General characteristics
- Tons burthen: 16210⁄94 (bm)
- Length: 80 ft 2 in (24.4 m) (overall); 61 ft 6+3⁄4 in (18.8 m) (keel)
- Beam: 22 ft 3 in (6.8 m)
- Propulsion: Sails
- Sail plan: Brig
- Complement: 18
- Armament: 4 × 12-pounder carronades

= HMS Rifleman (1804) =

Brig of the Royal Navy

HMS Rifleman was the mercantile brig Telegraph that the Royal Navy purchased in 1804, renamed, and intended for use as a fireship. The Navy sold her in 1809.
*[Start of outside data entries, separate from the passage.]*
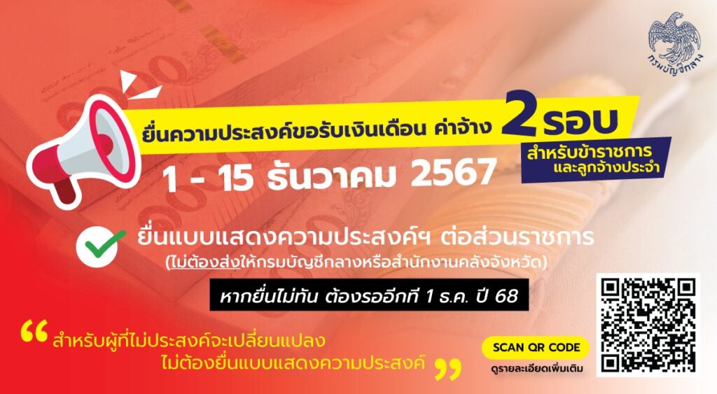 กรมบัญชีกลาง แจ้งข้าราชการ ลูกจ้างประจำ ที่ประสงค์ขอรับเงินเดือน 2 รอบ ยื่นความประสงค์ภายใน 1 – 15 ธ.ค. 67
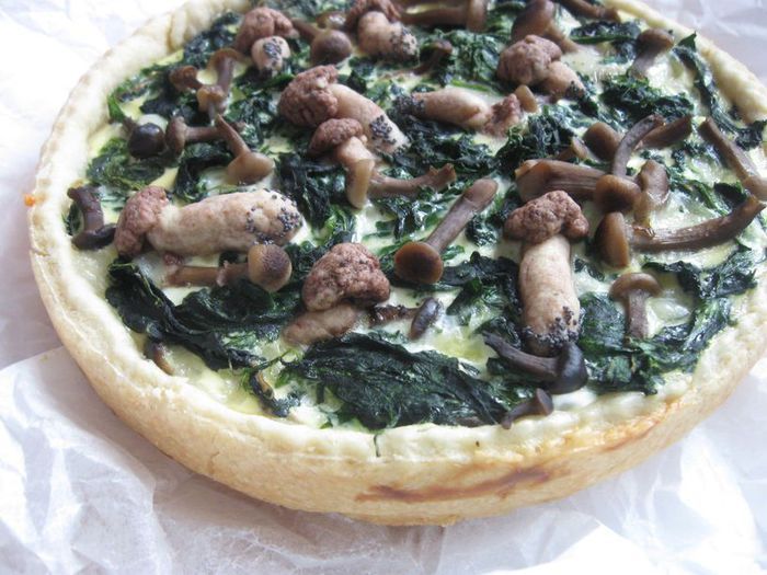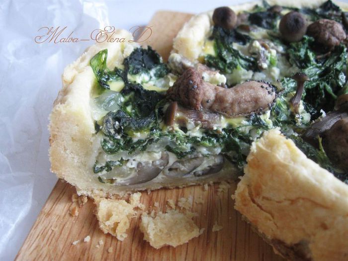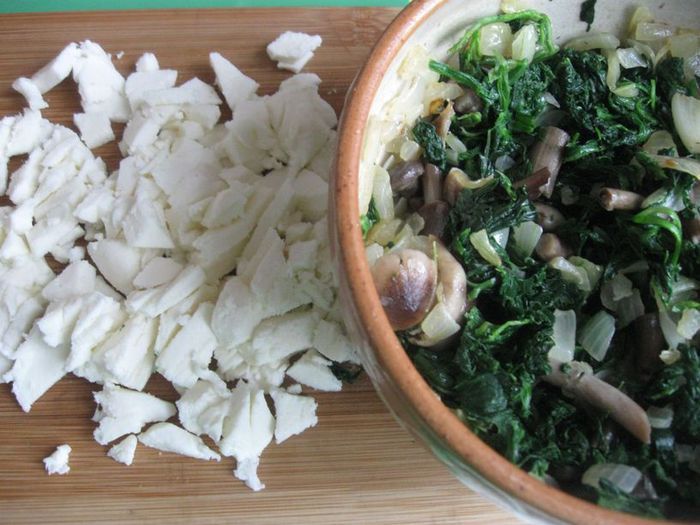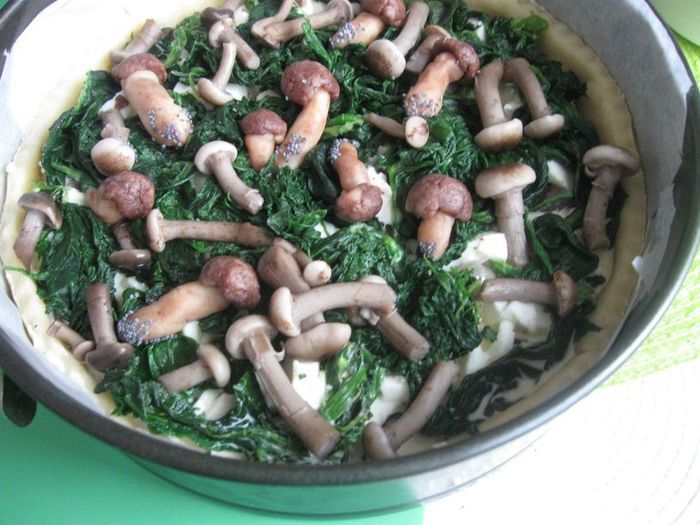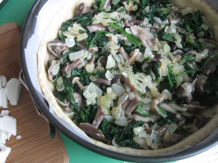 Смешать грибы, кроме тех, которые оставлены на украшение верха киша, с частью шпината.
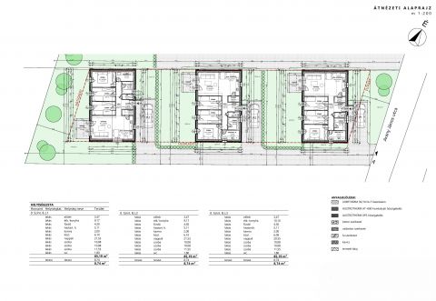 A három db ház egy 1 050 m2-es telekre épül, melyből a hírdetésben szereplő telekhányadok kizárólagos használati joggal használati megállapodás alapján tartoznak az ingatlanokhoz. A maradék telekhányad közös használatú út. Az egységek önálló helyrajzi számmal fognak
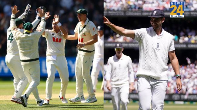 AUS vs ENG Boxing Day Test: рдмреЙрдХреНрд╕рд┐рдВрдЧ-рдбреЗ рдЯреЗрд╕реНрдЯ рдореИрдЪ рдХрд╛ рдкрд╣рд▓рд╛ рджрд┐рди рдкреВрд░реА рддрд░рд╣ рд╕реЗ рдЧреЗрдВрджрдмрд╛рдЬреЛрдВ рдХреЗ рдирд╛рдо рд░рд╣рд╛. рдЯреЙрд╕ рдЧрдВрд╡рд╛рдиреЗ рдХреЗ рдмрд╛рдж рдкрд╣рд▓реЗ рдмрд▓реНрд▓реЗрдмрд╛рдЬреА рдХрд░рдиреЗ рдЙрддрд░реА рдСрд╕реНрдЯреНрд░реЗрд▓рд┐рдпрд╛ рдХреА рдкреВрд░реА рдЯреАрдо рдкрд╣рд▓реА рдкрд╛рд░реА рдореЗрдВ рд╕рд┐рд░реНрдл 152 рд░рди рдмрдирд╛рдХрд░ рд╕рд┐рдордЯ рдЧрдИ. рдЧреЗрдВрджрдмрд╛рдЬреА рдореЗрдВ рдЬреЛрд╢ рдЯрдВрдЧ рдиреЗ рдХрд╣рд░ рдмрд░рдкрд╛рддреЗ рд╣реБрдП 5 рд╡рд┐рдХреЗрдЯ рдЕрдкрдиреА рдЭреЛрд▓реА рдореЗрдВ рдбрд╛рд▓реЗ. рд╡рд╣реАрдВ, рдЧрд╕ рдПрдЯрдХрд┐рдВрд╕рди рдиреЗ рднреА рджреЛ рд╡рд┐рдХреЗрдЯ рдЕрдкрдиреЗ рдирд╛рдо рдХрд┐рдП. рдХрдВрдЧрд╛рд░реВ рдЯреАрдо рд╕реЗ рдЬреНрдпрд╛рджрд╛ рд╣рд╛рд▓ рдмреЗрд╣рд╛рд▓ рдЗрдВрдЧреНрд▓рд┐рд╢ рдмрд▓реНрд▓реЗрдмрд╛рдЬреЛрдВ рдХрд╛ рд░рд╣рд╛. рдЗрдВрдЧреНрд▓реИрдВрдб рдХреА рдкреВрд░реА рдЯреАрдо рдлрд░реНрд╕реНрдЯ рдЗрдирд┐рдВрдЧ рдореЗрдВ рдорд╣рдЬ 110 рд░рди рдмрдирд╛рдХрд░ рдвреЗрд░ рд╣реЛ рдЧрдИ. рдорд╛рдЗрдХрд▓ рдиреЗрд╕рд░ рдиреЗ рдЪрд╛рд░ рддреЛ рд╕реНрдХреЙрдЯ рдмреЛрд▓реИрдВрдб рдиреЗ рддреАрди рд╡рд┐рдХреЗрдЯ рдЪрдЯрдХрд╛рдП.
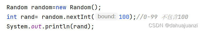 int rand= random.nextInt(100);//生成随机数0-99,不包含100
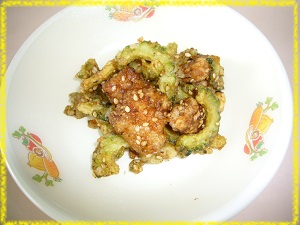 今回は衣をつけて油で揚げたにがうりと豚肉を梅肉入りのソースで味付けしました。
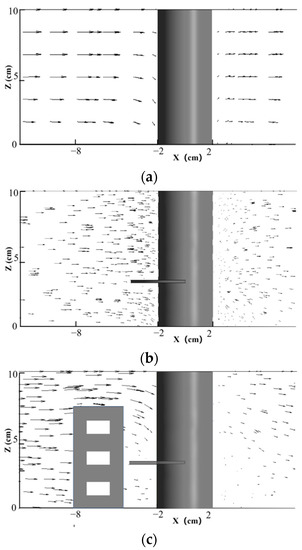 As expected, after installing the perforated baffle, the flow structure dramatically changes upstream of the pier, which is shown in Figure 16c and Figure 17c. Another significant outcome that can be drawn here is that there is an upward flow at the upper end of the perforated baffle. More specifically, a wake region forms behind the perforated baffle. These wake vortices and upward flow prevent the down-flow from impinging on the riverbed upstream of the pier. In addition, the horseshoe vortices are disturbed by this wake. Therefore, the reduction in scour depth can be attributed to these changes in the flow field around the pier.
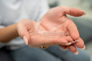 Good news: cleaning your aligners is easy. In fact, it will only take you a minute, and you can use the same products you already have! The first step is getting into the habit of rinsing your trays with clean, cool water when you take them out (this will remove saliva, food particles, and other debris from the surface). The second step is using a damp, soft-bristled toothbrush to clean the aligners after each meal. If needed, you can also use a clear, mild dishwashing liquid, but don’t use toothpaste or bleach.

Between 21 June and 31 August 1804, Rifleman underwent fitting at Deptford. Lieutenant Peter Rigby commissioned her in July. His replacement, in 1806, was Lieutenant William Napier who sailed her on The Downs station. In mid-June, Rifleman detained Industry, Meyer, master, which had been sailing from Amsterdam to Virginia, and sent her into Dover.

The Principal Officers and Commissioners of His Majesty's Navy offered "His Majesty's Gun-Brigs Boxer and Rifleman, lying at Sheerness", for sale on 27 July 1809.